Factors influencing the entrapment of hydrophilic compounds in nanocapsules prepared by interfacial polymerisation of water-in-oil microemulsions.

This study demonstrates the effect of drug properties and method of loading (sorption and encapsulation) on entrapment within poly(alkyl cyanoacrylate) nanocapsules prepared by interfacial polymerisation of biocompatible water-in-oil microemulsions. For small molecular weight compounds (<1000 Da), entrapment efficiency is more dependent on charge of the compound than on the method used for entrapment. Entrapment efficiency within the negatively charged nanocapsules (zeta potential approximately -30 mV) was in the order cationic compound > neutral compound > anionic compound. Only minimal differences for entrapment efficiency were noted between sorption (addition of the compound 4 h after initiation of the polymerisation) and encapsulation (addition of the compound to microemulsion prior to polymerisation).
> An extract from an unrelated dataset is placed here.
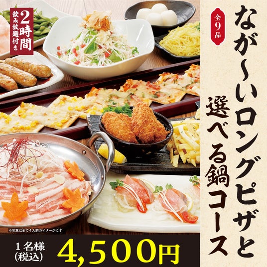 飲み会は久しぶりに「お店で」というお客様にピッタリのコース、飲み放題2時間付き・お料理全9品(選べる鍋付き)コースを4,000円よりご用意。更にグレードの高い4,500円・5,000円コースもご用意し満足感間違いなしです。お鍋はコースに応じて「定番牛もつ鍋」「濃厚豚味噌鍋」「鶏すき鍋」から選択でお楽しみ頂けます。もっと豪華にというお客様には1名様プラス1,000円で「ずわい蟹鍋」「牡蠣味噌鍋」もご用意可能です。
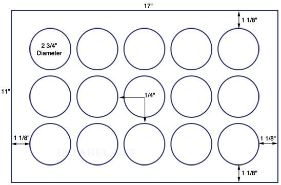 This is a 2 3/4'' circle - 15 up label on 11'' x 17'' laser sheet - 15,000 labels. Now available in more than 39 different label stocks. Custom Flood Coating and scoring available. Make your selection under Label & Adhesive Options.

For high molecular weight compounds, the method used for entrapment however, is very important. For hydrophilic macromolecules such as proteins, high entrapment efficiencies can only be achieved by encapsulation. Entrapment of such compounds seems to be independent of the net charge of the compound being encapsulated but depended on the molecular weight. For nanocapsules prepared by interfacial polymerisation of water-in-oil microemulsions, these findings are useful as a foundation in the development of nanocapsules with desired properties.